■ **WORK TO BE COMPLETED**
In the entries that follow, find the line containing "Jitendra Singh, Union Minister" and the line containing "Field to north east.", then retype exactly the lines from the first through the second, pictures excluded.

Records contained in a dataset
────────────────

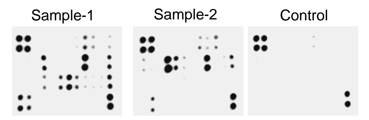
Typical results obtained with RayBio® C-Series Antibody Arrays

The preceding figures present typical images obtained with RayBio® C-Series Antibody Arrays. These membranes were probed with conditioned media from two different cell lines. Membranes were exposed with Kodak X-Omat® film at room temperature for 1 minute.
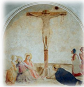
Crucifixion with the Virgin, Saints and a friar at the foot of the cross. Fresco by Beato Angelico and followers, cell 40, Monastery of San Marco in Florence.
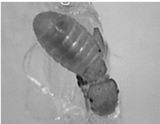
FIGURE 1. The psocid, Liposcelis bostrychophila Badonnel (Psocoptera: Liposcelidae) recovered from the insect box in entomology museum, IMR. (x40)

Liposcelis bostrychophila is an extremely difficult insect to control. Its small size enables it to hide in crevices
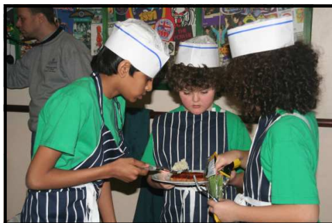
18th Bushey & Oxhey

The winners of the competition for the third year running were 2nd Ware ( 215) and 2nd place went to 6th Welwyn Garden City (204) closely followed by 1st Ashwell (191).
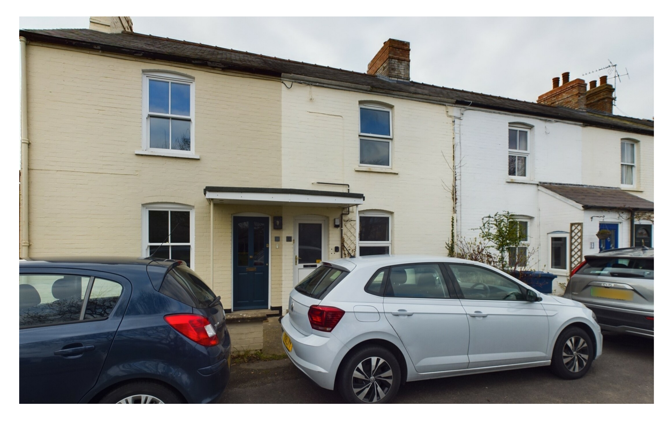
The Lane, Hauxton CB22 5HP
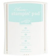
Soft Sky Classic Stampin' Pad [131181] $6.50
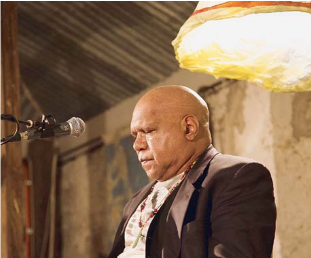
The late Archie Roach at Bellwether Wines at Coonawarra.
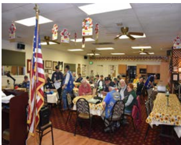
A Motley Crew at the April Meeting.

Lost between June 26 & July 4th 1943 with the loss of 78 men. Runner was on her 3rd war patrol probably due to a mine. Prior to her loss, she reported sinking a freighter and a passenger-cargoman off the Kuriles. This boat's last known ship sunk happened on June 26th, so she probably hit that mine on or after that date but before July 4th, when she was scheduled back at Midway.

────────────────

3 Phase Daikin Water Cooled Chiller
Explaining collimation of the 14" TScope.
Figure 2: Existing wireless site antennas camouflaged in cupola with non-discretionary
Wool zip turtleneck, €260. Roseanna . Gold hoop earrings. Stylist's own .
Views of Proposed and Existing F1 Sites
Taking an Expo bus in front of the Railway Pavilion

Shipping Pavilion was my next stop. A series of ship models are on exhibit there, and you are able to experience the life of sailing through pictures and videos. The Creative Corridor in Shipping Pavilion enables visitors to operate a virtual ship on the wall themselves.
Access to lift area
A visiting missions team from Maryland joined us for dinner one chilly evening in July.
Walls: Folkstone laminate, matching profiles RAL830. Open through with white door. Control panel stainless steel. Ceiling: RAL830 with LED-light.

────────────────

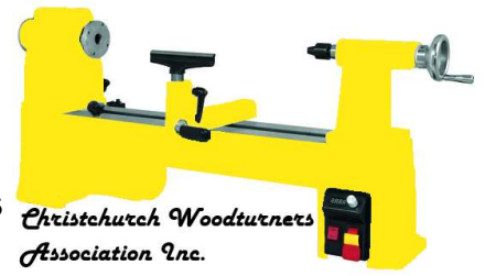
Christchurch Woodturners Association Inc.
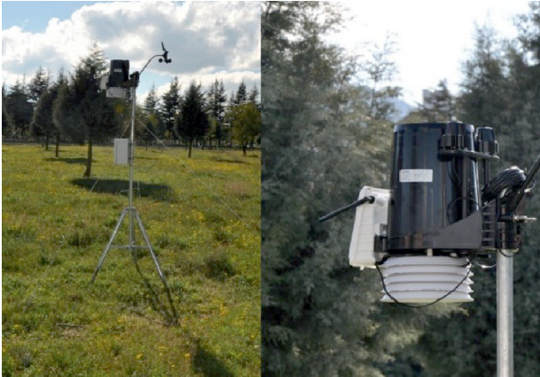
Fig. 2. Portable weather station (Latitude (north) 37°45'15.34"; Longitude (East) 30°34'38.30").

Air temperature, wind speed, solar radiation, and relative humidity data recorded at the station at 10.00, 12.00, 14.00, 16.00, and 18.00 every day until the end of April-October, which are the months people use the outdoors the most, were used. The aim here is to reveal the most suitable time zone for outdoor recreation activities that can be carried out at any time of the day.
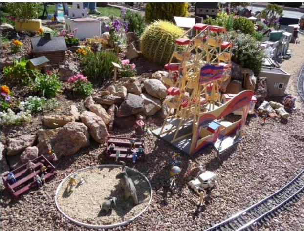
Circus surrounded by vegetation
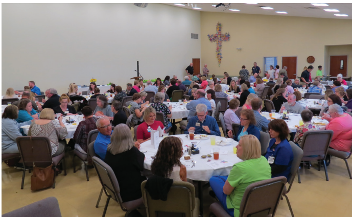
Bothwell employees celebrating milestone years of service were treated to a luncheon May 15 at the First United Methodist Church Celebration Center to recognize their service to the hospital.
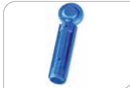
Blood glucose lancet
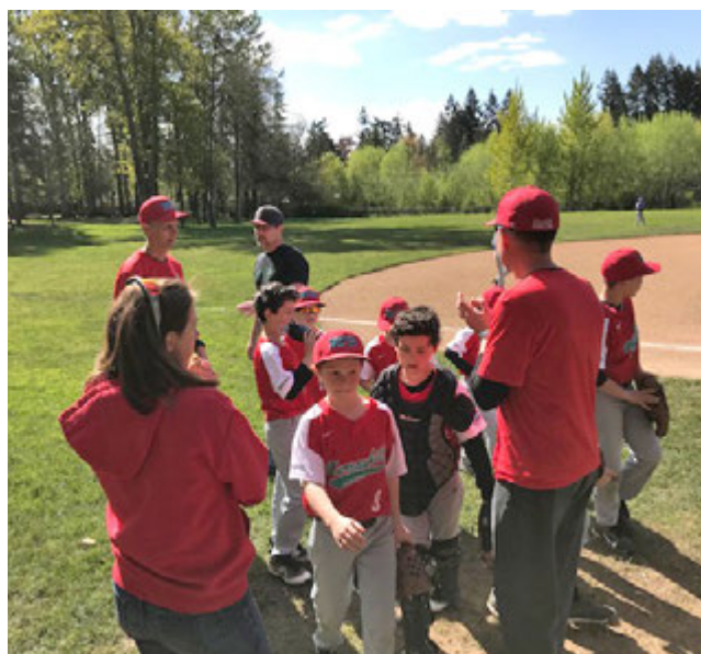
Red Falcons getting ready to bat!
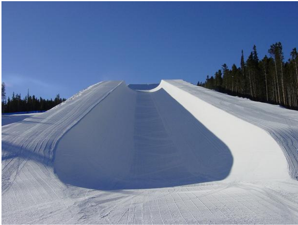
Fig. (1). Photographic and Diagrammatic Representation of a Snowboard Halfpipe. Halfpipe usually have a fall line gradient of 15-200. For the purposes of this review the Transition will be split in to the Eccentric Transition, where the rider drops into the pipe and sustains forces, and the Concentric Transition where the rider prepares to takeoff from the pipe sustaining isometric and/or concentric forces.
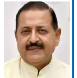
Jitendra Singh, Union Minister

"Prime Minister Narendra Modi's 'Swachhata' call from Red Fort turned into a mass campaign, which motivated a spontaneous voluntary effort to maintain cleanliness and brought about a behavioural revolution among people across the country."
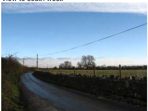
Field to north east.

────────────────

■ **WRITTEN ANSWER**
Jitendra Singh, Union Minister

"Prime Minister Narendra Modi's 'Swachhata' call from Red Fort turned into a mass campaign, which motivated a spontaneous voluntary effort to maintain cleanliness and brought about a behavioural revolution among people across the country."
Field to north east.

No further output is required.